→ **About this exercise**
Print each line below verbatim, skipping every picture.

→ **Extracted records**
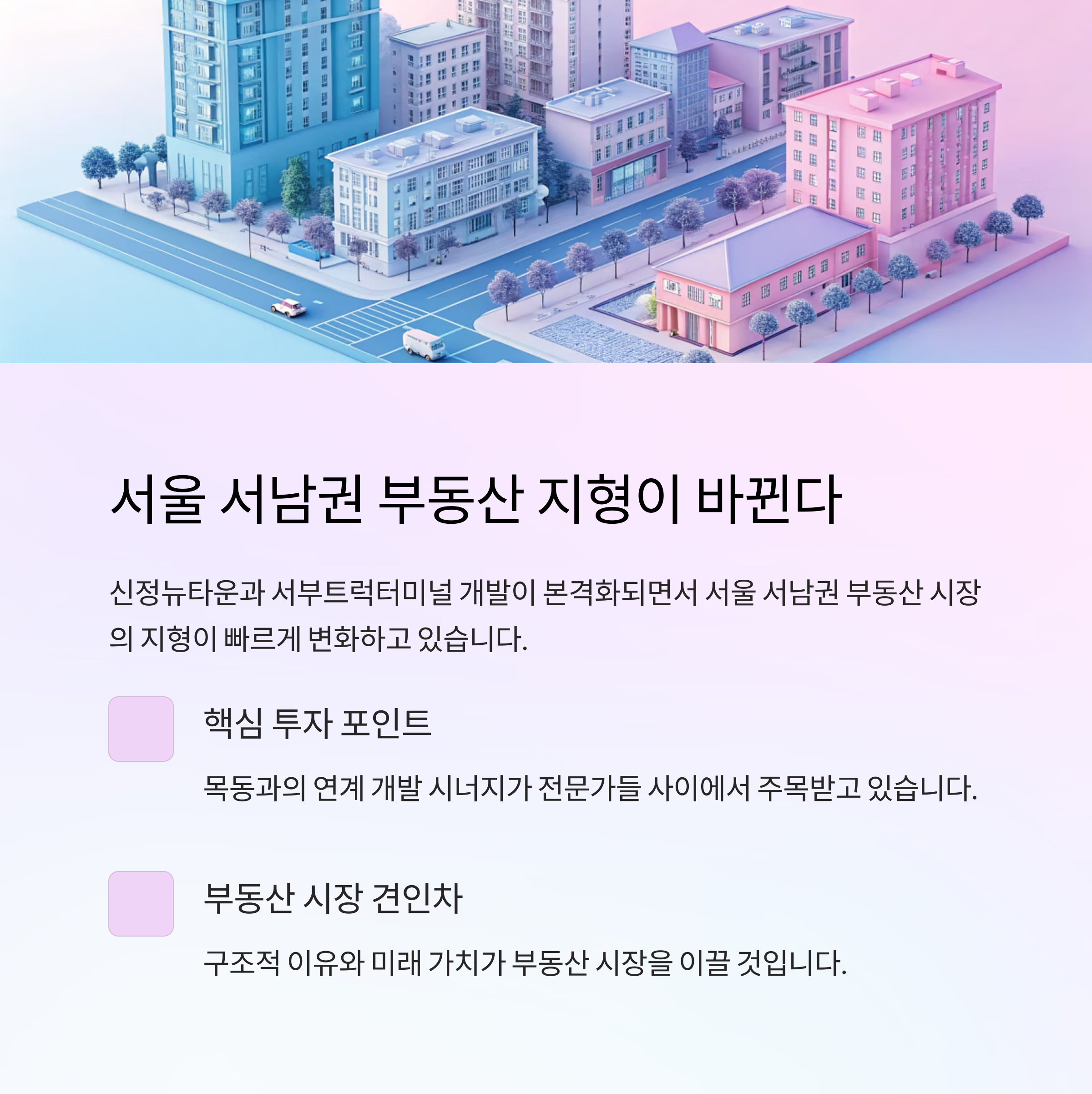 서울 중심 접근성과 학군, 생활권의 변화는 장기 거주 수요를 견인하는 요소가 될 것입니다.
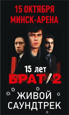Осенью 2015 года в Санкт-Петербурге с аншлагом прошел концерт, на котором была воссоздана атмосфера культового фильма. На сцену вышли легендарные исполнители и группы, чтобы спеть любимые песни нескольких поколений. 19 мая живой саундтрек к «Брат-2» прозвучит в Москве, а 15 октября окунуться в эту атмосферу смогут и минские зрители. Вячеслав Бутусов и «Ю-Питер», «Би-2», Вадим Самойлов, Настя Полева, «Смысловые Галлюцинации», Глеб Самойлов & The Matrixx со сцены Минск-Арена исполнят свои легендарные песни, чтобы вместе со зрителями снова почувствовать всепоглощающую свободу жизни.
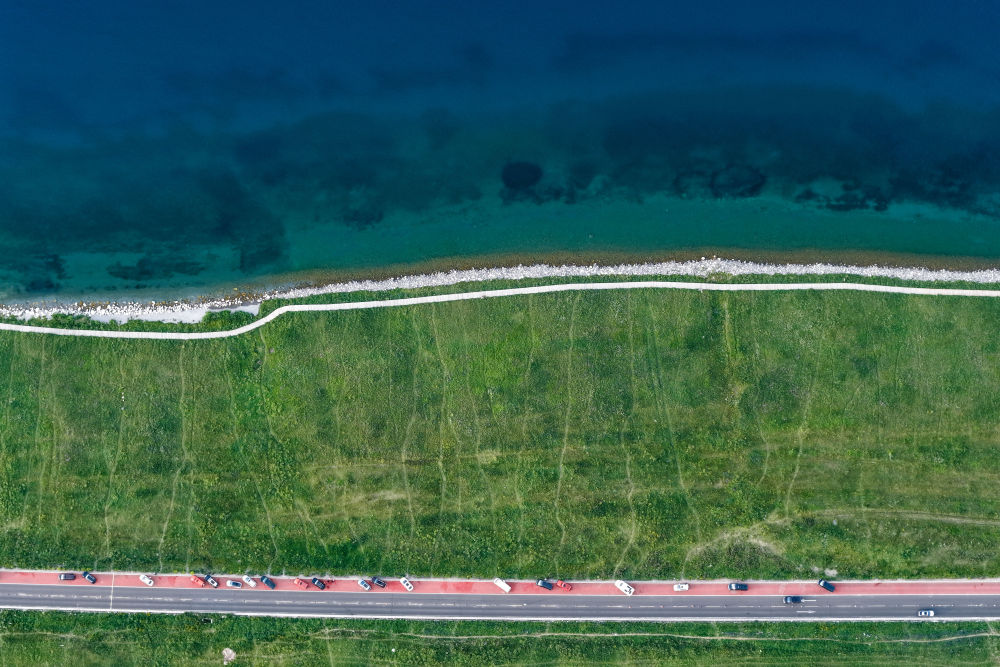 ↑ 游客駕車行駛在賽里木湖景區(qū)(無(wú)人機(jī)照片,7月8日攝)。
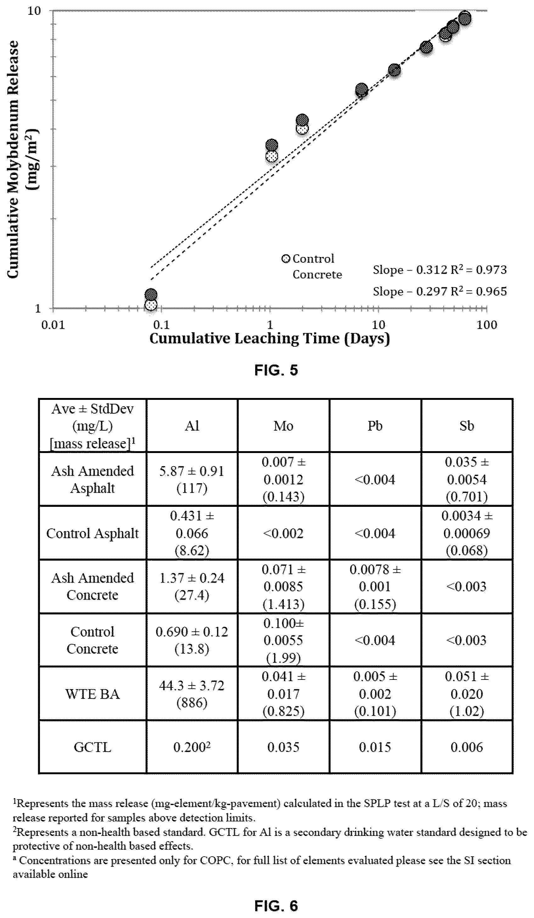 FIG. 5 illustrates log-log comparison of the cumulative release of molybdenum (Mo) from concrete pavements (mg/m2) and leaching according to method 1315.
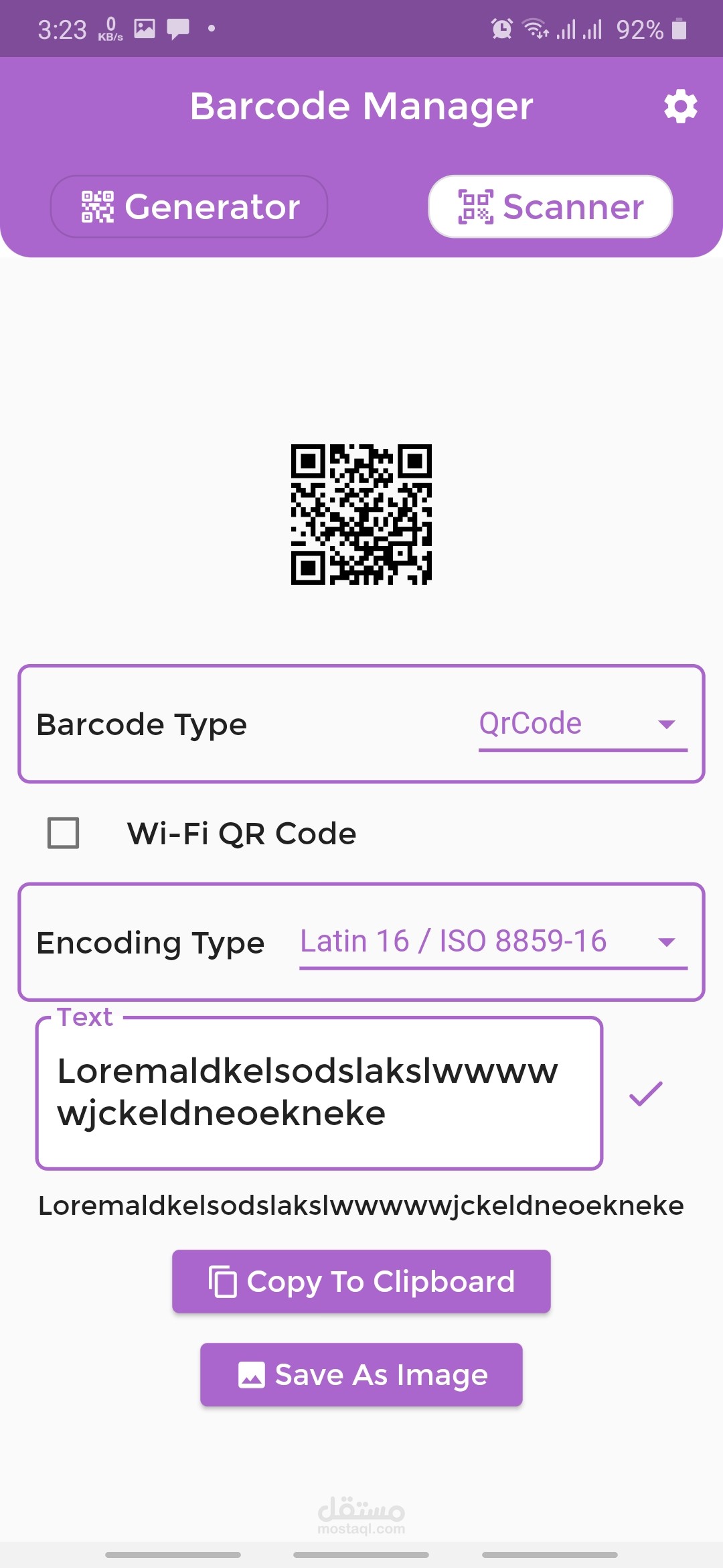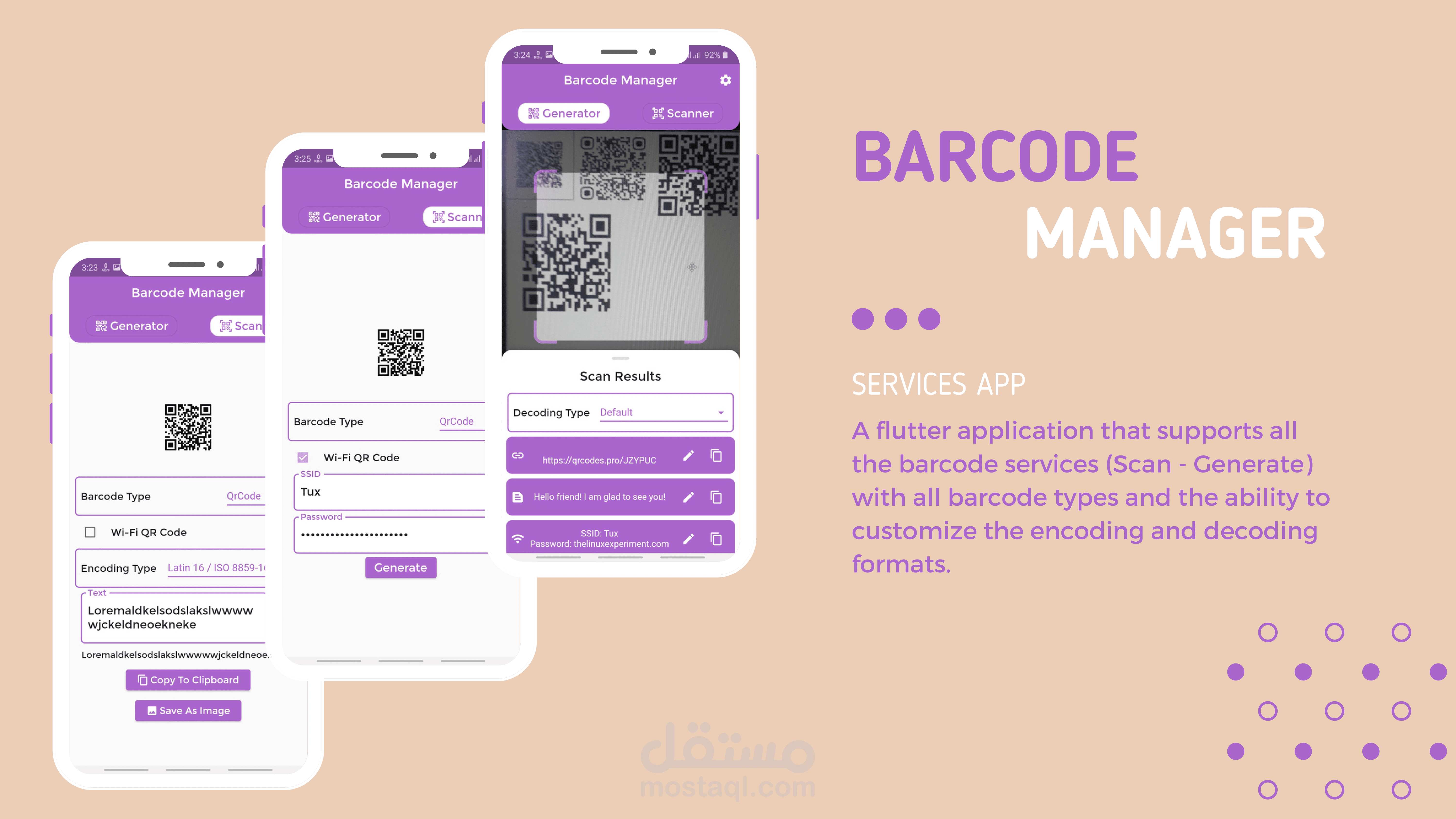 تطبيق flutter يدعم جميع خدمات الباركود (Scan - Generate) بجميع أنواع الباركود والقدرة على تخصيص تنسيقات التشفير وفك التشفير.

→ **Problem solution**
 서울 중심 접근성과 학군, 생활권의 변화는 장기 거주 수요를 견인하는 요소가 될 것입니다.
Осенью 2015 года в Санкт-Петербурге с аншлагом прошел концерт, на котором была воссоздана атмосфера культового фильма. На сцену вышли легендарные исполнители и группы, чтобы спеть любимые песни нескольких поколений. 19 мая живой саундтрек к «Брат-2» прозвучит в Москве, а 15 октября окунуться в эту атмосферу смогут и минские зрители. Вячеслав Бутусов и «Ю-Питер», «Би-2», Вадим Самойлов, Настя Полева, «Смысловые Галлюцинации», Глеб Самойлов & The Matrixx со сцены Минск-Арена исполнят свои легендарные песни, чтобы вместе со зрителями снова почувствовать всепоглощающую свободу жизни.
 ↑ 游客駕車行駛在賽里木湖景區(qū)(無(wú)人機(jī)照片,7月8日攝)。
 FIG. 5 illustrates log-log comparison of the cumulative release of molybdenum (Mo) from concrete pavements (mg/m2) and leaching according to method 1315.
 تطبيق flutter يدعم جميع خدمات الباركود (Scan - Generate) بجميع أنواع الباركود والقدرة على تخصيص تنسيقات التشفير وفك التشفير.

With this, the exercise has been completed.